Type # 3. Gas Chromatography (GC):
The technique of gas chromatography was used for the first time by A.T. James and P. Martin (1952) to separate long chain fatty acids. The phenomenon of differential adsorption can be used to separate gases and vaporizable substances as well.
This technique is called Gas Liquid chromatography. In this an inert solid base is coated with a liquid like paraffin oil or silicone oils, and packed in long tubes. This column is kept in an oven and generally kept around 150-200°C.
An inert gas like N2 is passed through as carrier. The mixtures of gases to be separated are now injected into one end of the column and as they are carried through by the carrier gas, they get absorbed, released and reabsorbed.

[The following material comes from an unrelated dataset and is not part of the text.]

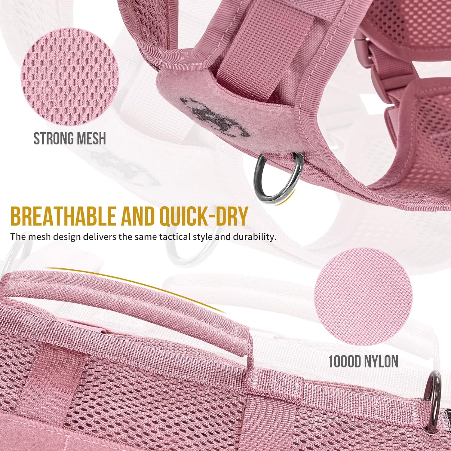 - [Mesh Design]: Breathable and quick to dry for all seasons, mesh design with the same tactical style and durability. Rugged 1000D nylon offering great dirt/water/abrasion resistance.

The gas with least absorptivity emerges first out of the column. There are several methods of detection of the emerging material; primary among them are flame ionization detector, electrical resistance detector, and electron capture device.
The principle of the gas chromatography is also the same as any other type of chromatography. In this case, the substance to be analysed is partitioned between mobile phase and a stationary phase. The mobile phase in GC is a gas instead of a liquid.
The stationary phase consists of a liquid material coated on an inert solid support. The equipment consists of supply of carrier gas, an injector, temperature regulated oven, column, detector and recorder. Most commonly used carrier gases are helium, argon, nitrogen or hydrogen. The material to be analysed can be injected in the form of solid, liquid or gases.
The injector helps the column temperature in order to vaporise the sample and to prevent its condensation in an injector system. The column in a GC made up of glass or metal measuring about 1.8-3.6 m long with 3-6 mm diameter.
The column has an inert solid support coated with a liquid phase. Column is heated to the desired temperature by an oven around the column. The detectors in the gas chromatography are situated at a short distance from the column. Recorder is a multi voltmeter which converts the signal of the detector on graph.